* RECORDS SUPPLIED
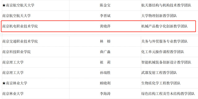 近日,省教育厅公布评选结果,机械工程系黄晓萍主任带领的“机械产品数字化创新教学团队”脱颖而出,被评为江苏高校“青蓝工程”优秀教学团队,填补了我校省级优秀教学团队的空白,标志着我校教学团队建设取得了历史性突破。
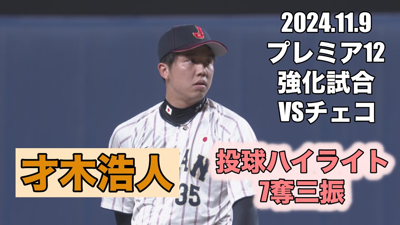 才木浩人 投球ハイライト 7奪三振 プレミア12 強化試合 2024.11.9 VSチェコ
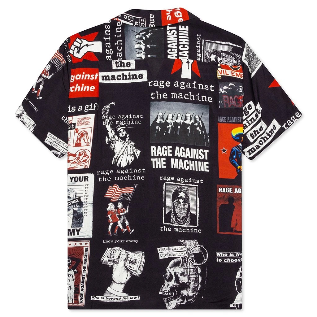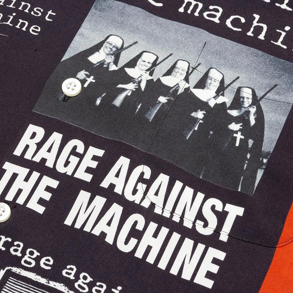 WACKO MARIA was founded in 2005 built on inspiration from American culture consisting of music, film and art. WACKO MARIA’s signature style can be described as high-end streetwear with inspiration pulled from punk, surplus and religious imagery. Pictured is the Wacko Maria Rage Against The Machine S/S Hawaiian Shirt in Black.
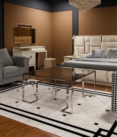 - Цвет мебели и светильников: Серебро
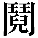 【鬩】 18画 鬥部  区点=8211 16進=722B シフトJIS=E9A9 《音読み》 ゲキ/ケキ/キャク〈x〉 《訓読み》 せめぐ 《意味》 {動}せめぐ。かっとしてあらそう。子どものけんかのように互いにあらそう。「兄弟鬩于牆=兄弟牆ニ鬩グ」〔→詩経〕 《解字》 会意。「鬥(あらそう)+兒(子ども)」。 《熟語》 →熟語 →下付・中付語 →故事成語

==

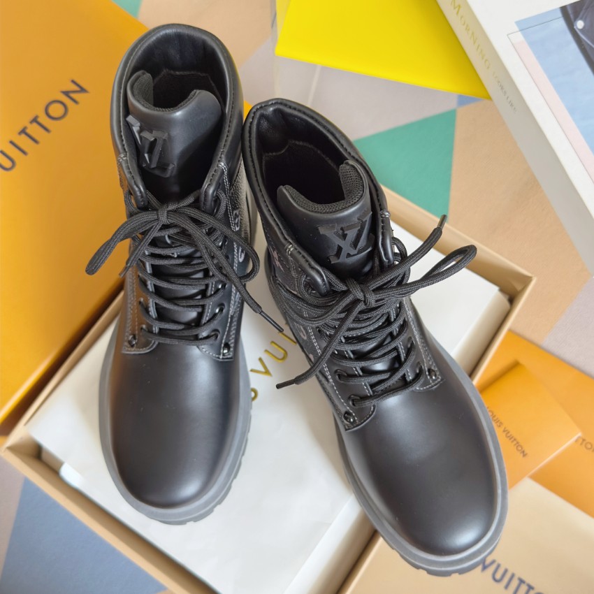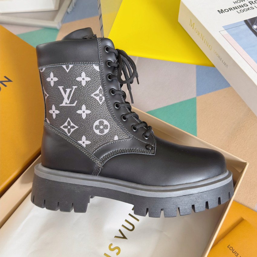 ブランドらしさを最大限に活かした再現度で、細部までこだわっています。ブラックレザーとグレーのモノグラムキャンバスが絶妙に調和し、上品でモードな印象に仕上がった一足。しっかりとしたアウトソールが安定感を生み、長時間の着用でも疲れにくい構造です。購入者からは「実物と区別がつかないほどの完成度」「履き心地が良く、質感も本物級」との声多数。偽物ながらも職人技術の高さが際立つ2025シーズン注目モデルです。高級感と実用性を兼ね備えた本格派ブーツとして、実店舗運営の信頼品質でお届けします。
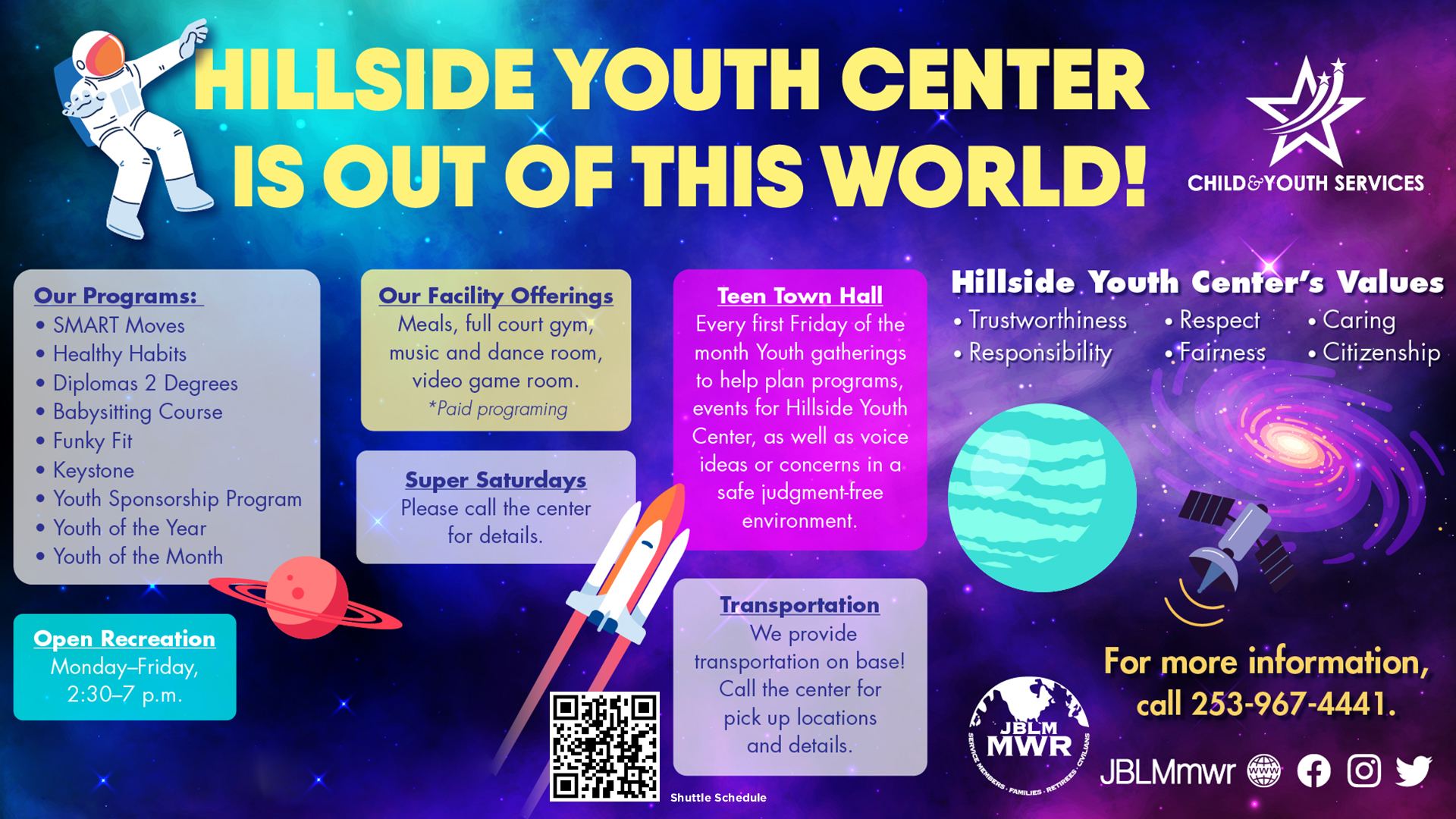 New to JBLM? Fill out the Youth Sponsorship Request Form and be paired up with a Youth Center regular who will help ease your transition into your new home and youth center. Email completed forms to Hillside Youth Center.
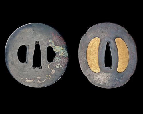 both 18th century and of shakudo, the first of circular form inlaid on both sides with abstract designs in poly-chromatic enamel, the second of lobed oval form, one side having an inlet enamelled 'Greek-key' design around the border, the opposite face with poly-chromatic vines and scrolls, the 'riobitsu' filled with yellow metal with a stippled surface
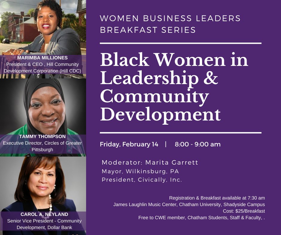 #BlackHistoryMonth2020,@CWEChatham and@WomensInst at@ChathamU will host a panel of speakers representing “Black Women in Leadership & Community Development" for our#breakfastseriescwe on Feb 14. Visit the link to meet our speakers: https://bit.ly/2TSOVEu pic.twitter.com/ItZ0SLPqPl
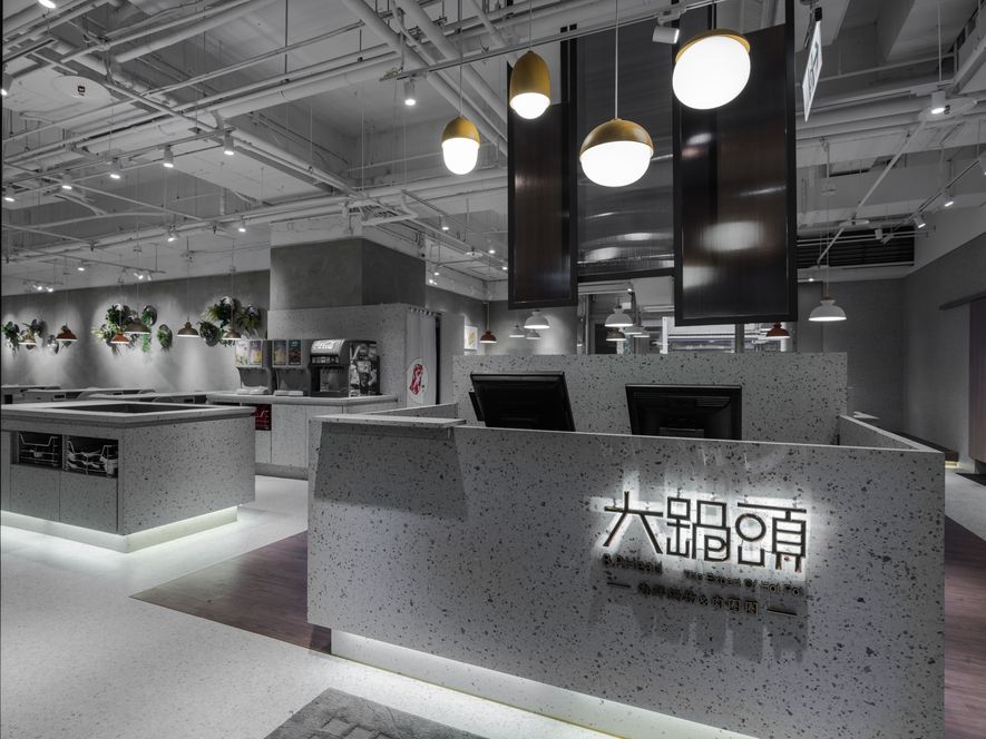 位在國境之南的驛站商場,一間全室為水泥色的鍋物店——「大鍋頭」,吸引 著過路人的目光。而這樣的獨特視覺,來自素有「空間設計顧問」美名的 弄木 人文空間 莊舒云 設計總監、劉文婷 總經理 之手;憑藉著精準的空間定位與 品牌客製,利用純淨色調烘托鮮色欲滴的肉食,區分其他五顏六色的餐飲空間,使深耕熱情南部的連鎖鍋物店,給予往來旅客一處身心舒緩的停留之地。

* YOUR GOAL
In the listing above, find the line containing "- Цвет мебели и светильников: Серебро" and the line containing "会意。「鬥(あらそう)+兒(子ども)」。 《熟語》 →熟語 →下付・中付語 →故事成語". Reproduce those lines and all between them exactly, with no pictures and nothing more.

* SOLUTION TO THIS EXERCISE
 - Цвет мебели и светильников: Серебро
 【鬩】 18画 鬥部  区点=8211 16進=722B シフトJIS=E9A9 《音読み》 ゲキ/ケキ/キャク〈x〉 《訓読み》 せめぐ 《意味》 {動}せめぐ。かっとしてあらそう。子どものけんかのように互いにあらそう。「兄弟鬩于牆=兄弟牆ニ鬩グ」〔→詩経〕 《解字》 会意。「鬥(あらそう)+兒(子ども)」。 《熟語》 →熟語 →下付・中付語 →故事成語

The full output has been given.